Former CIA engineer Joshua Schulte was indicted on charges that he was responsible for providing classified documents to Wikileaks. Schulte faces a grand jury indictment for handing over a massive trove of U.S. government hacking tools known as "Vault 7" to Wikileaks, the details of which were published by the organization in March 2017. Schulte was already facing child pornography charges in New York. (Politico)
https://www.politico.com/story/2018/06/18/cia-wikileaks-secrets-classified-653264
A foundation established by Interior Secretary Ryan Zinke and run by his wife is spearheading a real-estate deal backed by the chairman of the oil giant Halliburton, which stands to benefit directly from any decision by the Interior Department to open public lands for oil exploration. Zinke and his wife also own the property next door to the proposed resort. (Politico)
https://www.politico.com/story/2018/06/19/ryan-zinke-halliburton-park-whitefish-montana-647731
The Senate passed a defense budget bill to reinstate penalties against Chinese telecom giant ZTE. The vote is a rebuke of Trump's attempt to make a deal with ZTE. (ABC News)

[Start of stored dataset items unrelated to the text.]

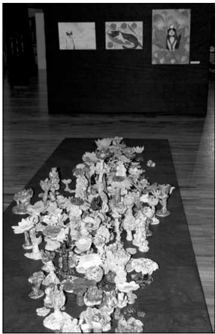
Keramika un diplomdarbi mākslas skolas audzēkņu darbu izstādē

Mālpils Mūzikas un mākslas skolai šis bija nozīmīgs gads. Mūzikas skola svinēja 25 gadu, bet mākslas skola 20 gadu jubileju. 27. novembrī Kultūras centra izstāžu zālē noslēdzās mākslas nodaļas skolotāju darbu izstāde, bet audzēkņu darbi un diplomdarbi vestibīlā un klases telpās bija skatāmi līdz 4. decembrim.
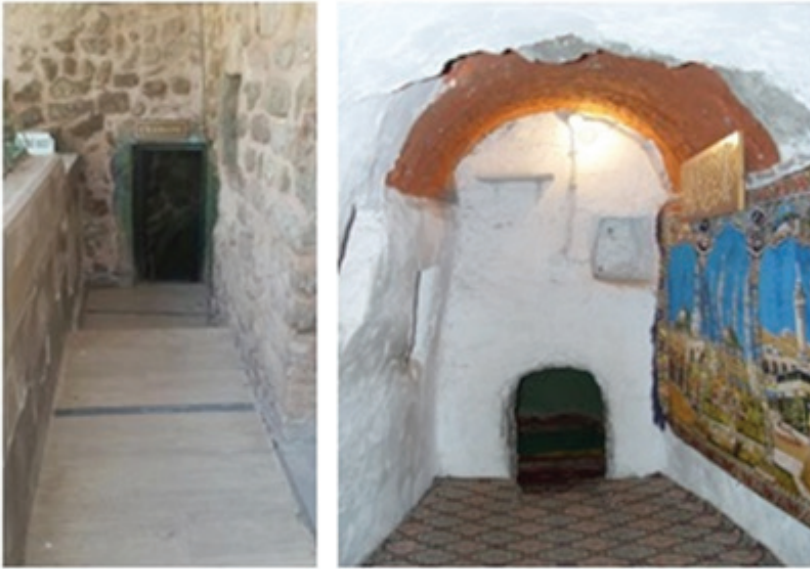
Resim 2: Somuncu Baba Çilehanesi- Aksaray
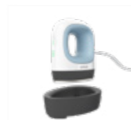
Cricut EasyPress Mini

Med jævn varme fra kant til kant, enkel betjening og smarte sikkerhedsfunktioner gør Cricut EasyPress ethvert varmeoverførselsprojekt til en leg.
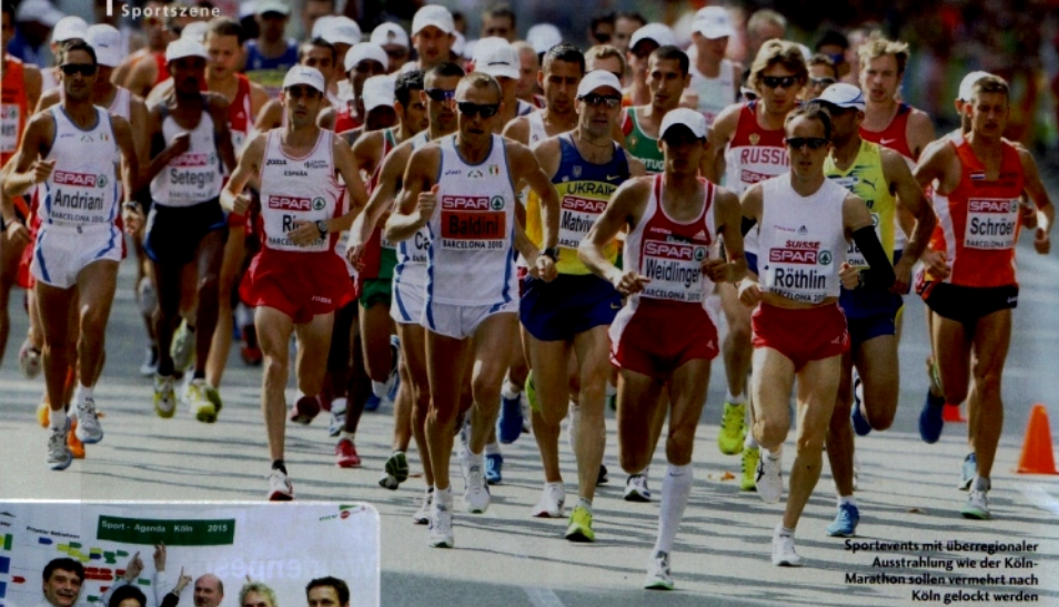
Sportevents mit überregionaler Ausstrahlung wie der Köln-Marathon sollen vermehrt nach Köln gelockt werden
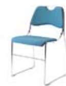
Ainara aulkia (01) Urdin-grisean tapizaturiko aulki herdoilgaitza Prezioa: 35€

Katalogoan aukeratu nahi dituzun altzariak:
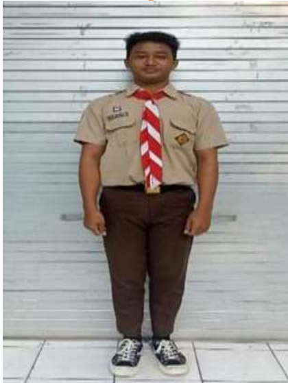
Gambar4. 3 Seragam Hari Sabtu
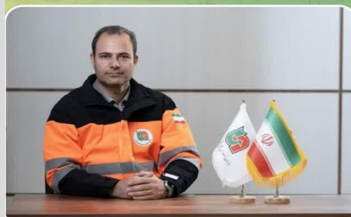
◆ پیام تبریک ◆◆◆◆

انجمن صنفی مهندسان راه و راه آهن استان خراسان جنوبی
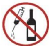
Alcoholic drinks and drugs*
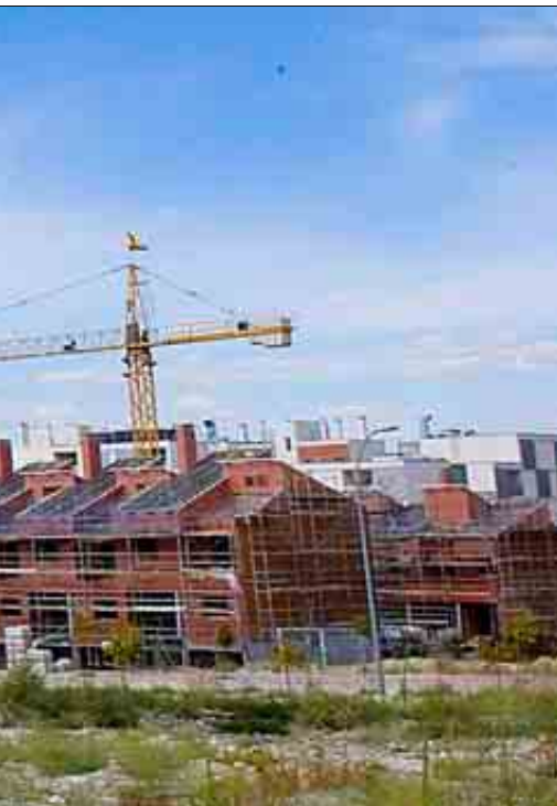
Imagen de archivo de casas en obras en un barrio de Madrid.

La crisis económica, con su consiguiente sequía de crédito, y la futura política estatal continuarán impulsando el arrendamiento en detrimento de la propiedad. Por J. S. C.
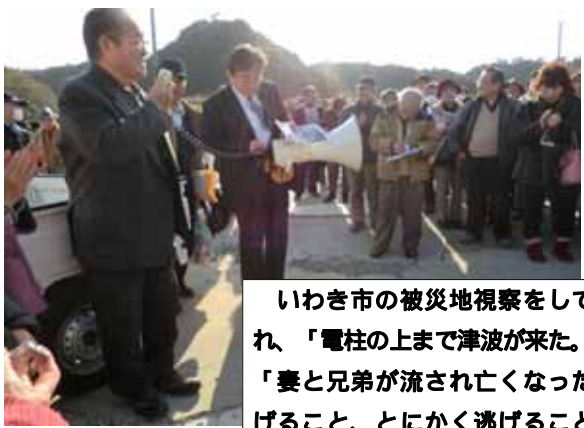
いわき市の被災地視察をしてきました。自分の家は流され、「電柱の上まで津波が来た。黒い津波が船だと思った!」「妻と兄弟が流され亡くなった、津波がきたらとにかく逃げる、とにかく逃げる」と地獄のような状況を話してくれた志賀区長さん・左上写真 涙が出ました。
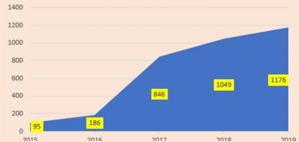
WABP Groepen Gelderland
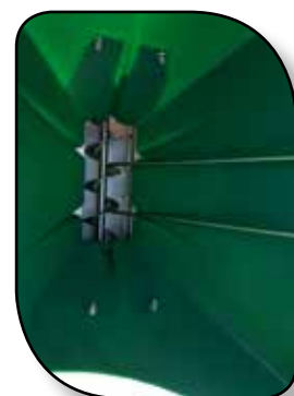
Vis sans fin
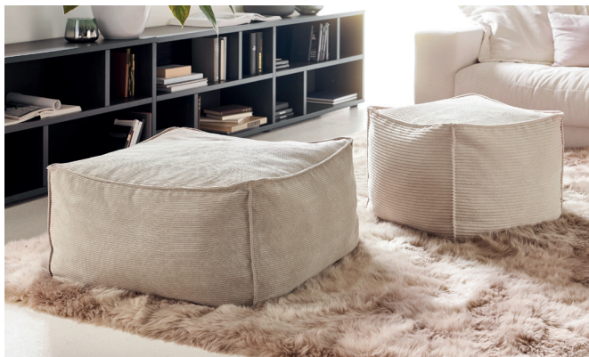
Hocker und Hocker medium
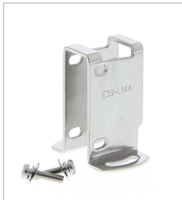
Compact Protective Cover Bracket E39-L144
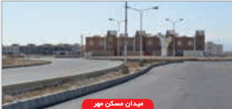
میدان مسکن مهر
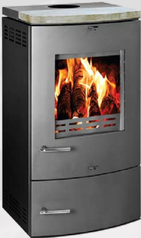
LIVORNO S 9,5kW 610 x 525 x 1080mm 150kg
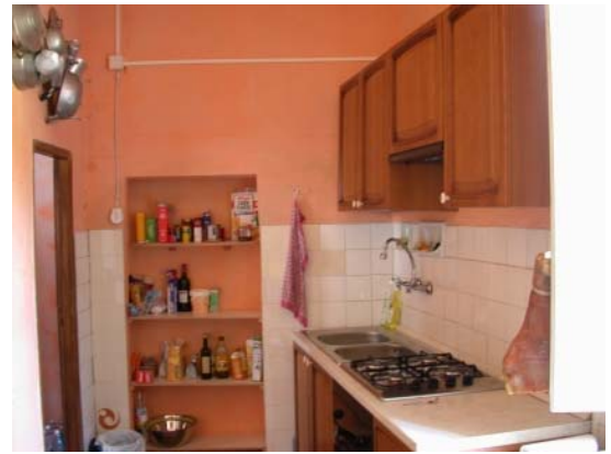
Küche mit Türe zum Esszimmer
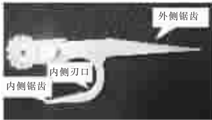
图2 导线异物处理作业部
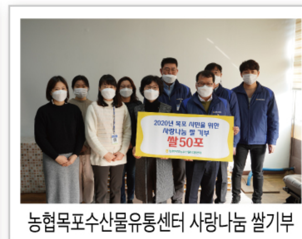
농협목포수산물유통센터 사랑나눔 쌀기부
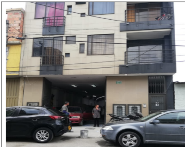
Fotografía No 1. Fachada predio
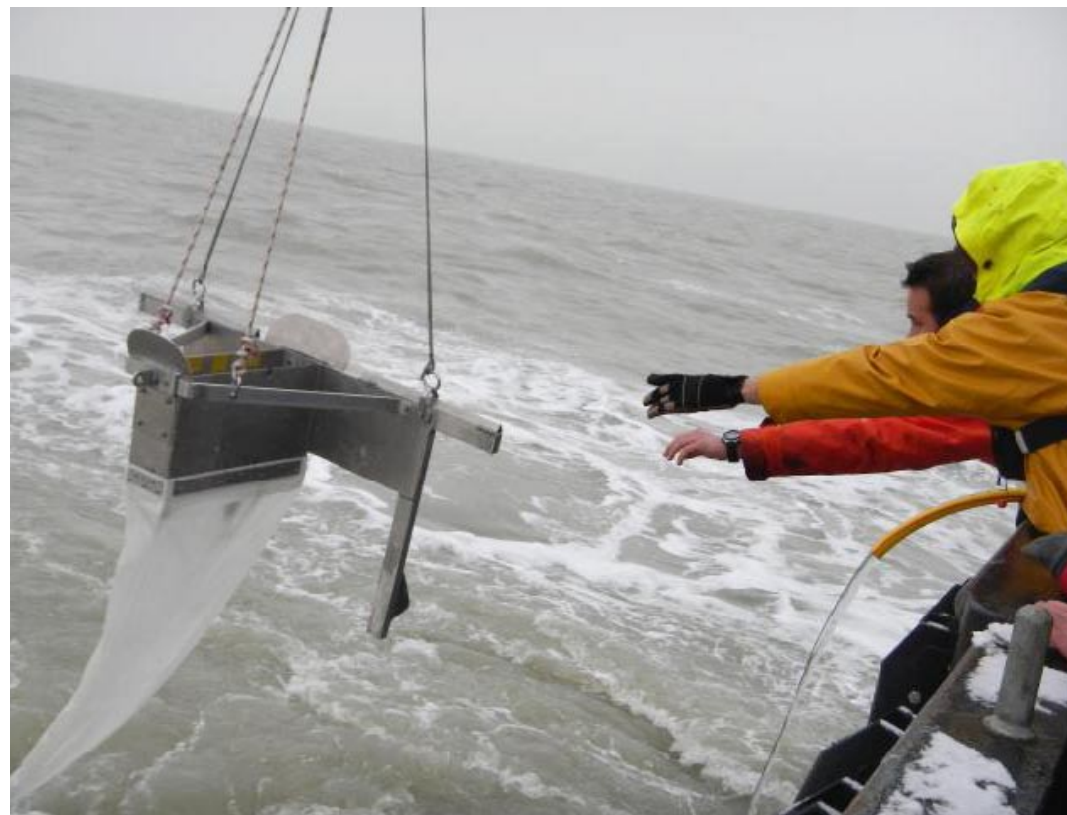
Bemonstering van microplastics op zee.

Ook hoogleraar Waterkwaliteit Bart Koelmans doet onderzoek naar het vóórkomen en de effecten van (nano)plastics op zee. Hij is verbonden aan de Wageningen Universiteit en IMARES. In 2012 publiceerde hij over de effecten van nanoplastics op mosselen. Inmiddels is er vervolgonderzoek gestart. Koelmans: 'We kijken naar de effecten van micro- en nanoplastics op mosselen, vissen en plankton. Het gaat om een reeks complexe interacties tussen (nano)plastics, fytoplankton, zoöplankton en vissen. Specifiek voor mosselen onderzochten we welke concentraties plastics een negatief effect hebben op het voedingsgedrag. Als de
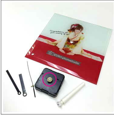
①掛け時計のパーツは上図の通りです。 金のねじを外してください。
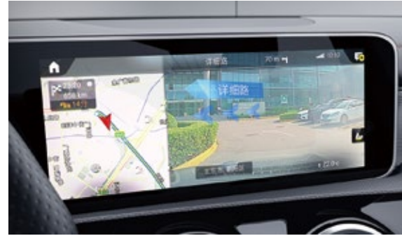
MBUX智能人机交互系统实景穿越导航

无论您的手机是什么型号和品牌,只要它符合Qi标准,仅需一步简单的操作,即可将智能手机固定在中央控制台中进行无线充电。
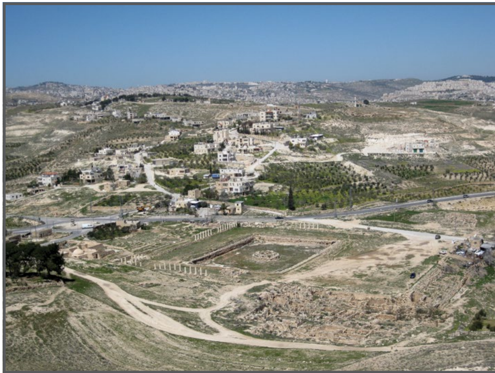
הרודיון תחתית והכפר זעתרא

היחס לאוכלוסייה הפלסטינית: סביב האתר הרודיון שוכנים מספר כפרים פלסטיניים: פורדיס, זעתרא, ג'יב אל-דיב, בית עמאר ועוד. לכל הכפרים הללו ישנן אדמות ואף בתים בשטח הפארק. בעלי האדמות והבתים ששטחם מוכרז כפארק אינם יכולים לעבד את אדמותיהם ואף לא לשפץ את בתיהם ללא אישור קצין שמורות טבע והפארקים במנהל האזרחי. איסור זה חל על שיפוץ פנים הבית ואף על תיקון התקרה למניעת נזילות. מדיניות אישור עיבוד האדמה אינה ברורה לתושבים: חלקם זכאים להמשיך לעבד את אדמותיהם ועל אחרים העיבוד נאסר. בגן הלאומי ישנם שלטים רבים המכוונים את המבקרים למסעדות, מקומות לינה ואטרקציות נוספות, וכל כולן ממוקמות בהתנחלויות הסמוכות. באתר אין עובדים פלסטינים.
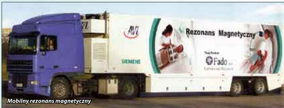
Mobilny rezonans magnetyczny

To jest bardzo dobra wiadomość dla pacjentów z rejonu Słupska. Od wczoraj, tj. od 21 sierpnia, mogą na miejscu wykonać badanie rezonansem magnetycznym. Specjalny kilkunastometrowy mobilny zestaw na kołach, z ważącym 6 ton rezonansem, jeszcze dzisiaj znajduje się na terenie szpitala przy ul. Kopernika. Pacjent otrzyma wyniki badania w ciągu doby.
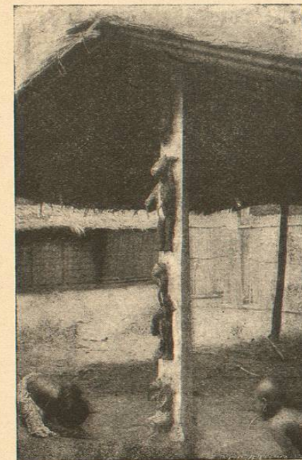
FÉTICHES DU KWANGO (AFRIQUE). « Au lieu des ridicules fétiches, offrez aux pauvres Noirs le crucifix. »

cinquante millions d'indigènes sont victimes de ces superstitions puérides. Jeunes apôtres, allez au fond de ces déserts, allez détrôner ce sachet rempli de terre et rougi du sang d'un coq, qu'ils prennent pour une divinité tutélaire ; à la place du fétiche éventré sous les yeux réjouis des pauvres noirs, vous placerez le crucifix.
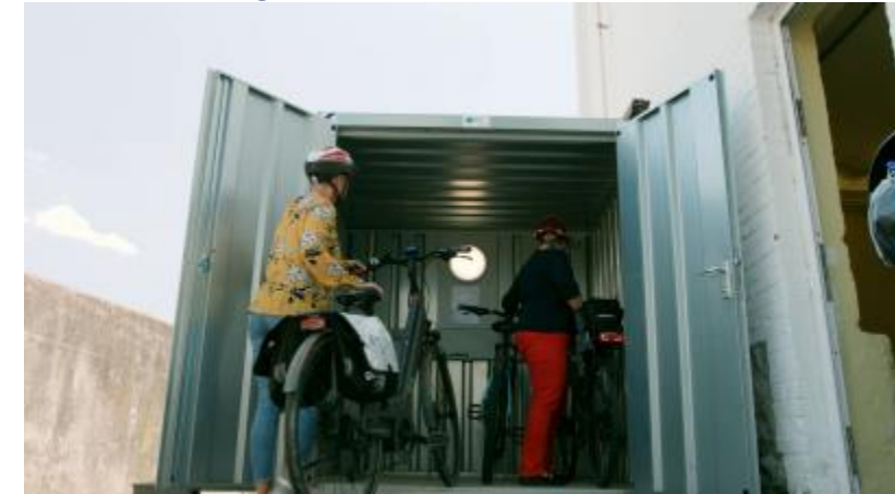
Parking vélo de Vivalia à Marche-en-Famenne
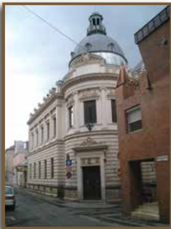
Kereskedelmi és Iparkamara (1893. terv: Kirstein Ágoston)
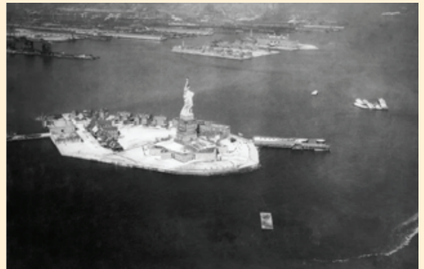
جزيرة إيليس (Ellis Island)

صلّبت على وجهها الشاحب البياض وهي ترى السيّدة الحجريّة تمدّ الشعلة الحجريّة صوبها وتخرج من الضباب الذي يغطي البحر. سمعت صوتاً يقول هذا تمثال الحرّيّة، وهناك وراء الضباب الغريب، هل ترون البنائيات ناطحات السحاب، هذه مدينة نيويورك، انظروا البيوت العالية.

Erik Prince has "spoken voluntarily to Congress" and has "cooperated with the special counsel" as part of the ongoing investigation into the Trump campaign's ties to Russia during the 2016 election. Prince reportedly met with Trump Jr., George Nader, and Israeli social media specialist Joel Zamel at a secret meeting in the Seychelles during the campaign. He also met with Russian sovereign wealth fund manager Kirill Dmitriev during the transition period to set up a backchannel between the Trump administration and Russia. (Daily Beast)
https://www.thedailybeast.com/erik-prince-i-cooperated-with-mueller
Rudy Giuliani said he was just posturing when he called on Trump to suspend Robert Mueller's investigation. "That's what I'm supposed to do," Giuliani said. "What am I supposed to say? (Politico)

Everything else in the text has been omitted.